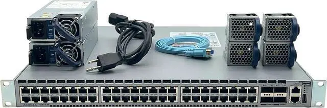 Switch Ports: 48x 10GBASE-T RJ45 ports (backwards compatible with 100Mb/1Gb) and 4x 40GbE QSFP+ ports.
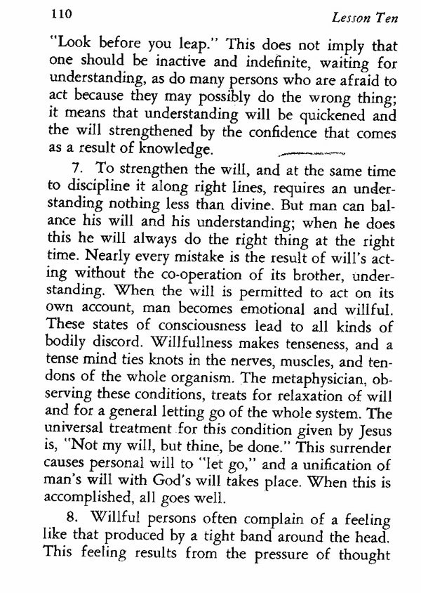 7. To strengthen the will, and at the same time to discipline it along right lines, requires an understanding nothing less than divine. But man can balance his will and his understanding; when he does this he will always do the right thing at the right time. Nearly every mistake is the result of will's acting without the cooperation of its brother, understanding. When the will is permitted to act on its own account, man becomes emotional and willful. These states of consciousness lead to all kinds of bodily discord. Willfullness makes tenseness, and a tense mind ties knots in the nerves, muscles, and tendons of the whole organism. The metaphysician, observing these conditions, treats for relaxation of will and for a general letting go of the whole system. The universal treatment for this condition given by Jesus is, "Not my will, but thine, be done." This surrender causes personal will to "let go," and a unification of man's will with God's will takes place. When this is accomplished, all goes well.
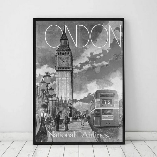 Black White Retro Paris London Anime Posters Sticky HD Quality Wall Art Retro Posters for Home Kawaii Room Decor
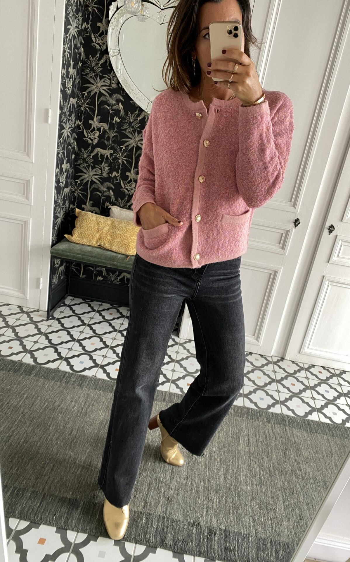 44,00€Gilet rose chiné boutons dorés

━━━━

# WHAT YOU NEED TO DO:
Without the pictures, transcribe the listing exactly as it stands.

# COMPLETED EXERCISE:
 Switch Ports: 48x 10GBASE-T RJ45 ports (backwards compatible with 100Mb/1Gb) and 4x 40GbE QSFP+ ports.
 7. To strengthen the will, and at the same time to discipline it along right lines, requires an understanding nothing less than divine. But man can balance his will and his understanding; when he does this he will always do the right thing at the right time. Nearly every mistake is the result of will's acting without the cooperation of its brother, understanding. When the will is permitted to act on its own account, man becomes emotional and willful. These states of consciousness lead to all kinds of bodily discord. Willfullness makes tenseness, and a tense mind ties knots in the nerves, muscles, and tendons of the whole organism. The metaphysician, observing these conditions, treats for relaxation of will and for a general letting go of the whole system. The universal treatment for this condition given by Jesus is, "Not my will, but thine, be done." This surrender causes personal will to "let go," and a unification of man's will with God's will takes place. When this is accomplished, all goes well.
 Black White Retro Paris London Anime Posters Sticky HD Quality Wall Art Retro Posters for Home Kawaii Room Decor
 44,00€Gilet rose chiné boutons dorés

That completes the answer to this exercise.